ALEX BRUMMER: The EU vaccine war has spoiled Pascal Soriot’s triumph at Astrazeneca
AstraZeneca is among the real corporate heroes of the pandemic.
Its workforce strained every sinew to bring the Oxford-Jenner Covid vaccine to fruition and, selflessly, it as been making it available at close to cost price.
So it was shameful to hear Belgium MEP Philippe Lamberts frothing at the mouth and describing the company as ‘dishonest’.
It is also disturbing that Italian inspectors are making politically charged claims that Astra secretly stockpiled 29m doses.
Lifeline: AstraZeneca’s workforce strained every sinew to bring the Oxford-Jenner Covid vaccine to fruition and, selflessly, it as been making it available at close to cost price
What is frustrating for its Swedish chairman Leif Johansson, a former chief executive of Volvo, is the reputational damage.
He is concerned by the high-profile rift with the EU and with Astra’s less than robust regulatory filings in the US, which have been subjected to challenge.
A problem has been the absence of French chief executive Pascal Soriot, who has been at home with his family in Sydney away from the fray.
Some members of the board feel that they went out on a limb by awarding Soriot a £15.4million pay package for 2020, partly for rising to the Covid challenge.
This met his perennial concern about being undervalued.
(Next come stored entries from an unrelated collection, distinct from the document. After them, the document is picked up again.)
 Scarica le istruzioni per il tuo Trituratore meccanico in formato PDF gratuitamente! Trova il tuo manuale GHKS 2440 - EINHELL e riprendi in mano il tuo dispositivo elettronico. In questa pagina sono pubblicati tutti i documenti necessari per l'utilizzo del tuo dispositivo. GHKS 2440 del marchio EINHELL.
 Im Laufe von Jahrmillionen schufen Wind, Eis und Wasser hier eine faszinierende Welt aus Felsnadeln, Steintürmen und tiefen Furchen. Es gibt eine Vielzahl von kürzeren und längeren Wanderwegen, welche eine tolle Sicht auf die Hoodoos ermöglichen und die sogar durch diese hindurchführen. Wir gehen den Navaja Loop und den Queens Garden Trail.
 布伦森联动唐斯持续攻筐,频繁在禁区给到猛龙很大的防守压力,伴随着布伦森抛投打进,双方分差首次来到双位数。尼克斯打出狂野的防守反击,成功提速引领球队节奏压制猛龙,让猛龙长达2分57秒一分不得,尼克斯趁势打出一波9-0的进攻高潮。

But it is now felt that Soriot has been less than effective in dealing with European and US regulators.
It is argued that differences with Brussels over what some insiders at Astra now regard as not a particularly well written EU contract could have been smoothed over.
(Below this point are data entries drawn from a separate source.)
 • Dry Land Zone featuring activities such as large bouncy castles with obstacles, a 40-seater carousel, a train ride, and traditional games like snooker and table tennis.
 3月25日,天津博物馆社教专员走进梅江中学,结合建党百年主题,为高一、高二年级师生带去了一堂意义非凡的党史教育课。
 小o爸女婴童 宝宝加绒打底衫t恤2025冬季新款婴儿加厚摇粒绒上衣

Healing the rift has not been made any easier by Soriot’s defiant rather than conciliatory interviews with the European press.
The rumbles of discontent with Soriot’s leadership and the lack of a strong enough support system around him are understood to have coalesced around non-executive Graham Chipchase, chief executive of former GKN offshoot Brambles.
There is no suggestion that anyone is calling for Soriot’s head. He has delivered not just on the vaccine but also on the growth targets and immunology drugs put in place at the time of the successful defence against a Pfizer takeover in 2015.
Johansson and the board stood full square behind the sturdy defence put up by Soriot.
Astra’s stock has retreated from its peaks of July 2020 partly as a response to the £29billion bid for US drug maker Alexion.
But there can be no doubt that the EU vaccine war has marred an undoubted triumph and engendered unwanted turbulence.
David Cumming at Aviva has taken some of the shine off the £8.8billion Deliveroo float with objections to the work status of the food service company’s riders.
The focus on working conditions in the gig economy has come under scrutiny following the Supreme Court ruling in favour of the entitlement of Uber drivers to the living wage and better employment conditions.
In a country where successive Tory-led governments have raised the national living wage, all employers, Deliveroo included, have legal obligations to make sure it is paid. There are also moral obligations about rights of access to sick pay.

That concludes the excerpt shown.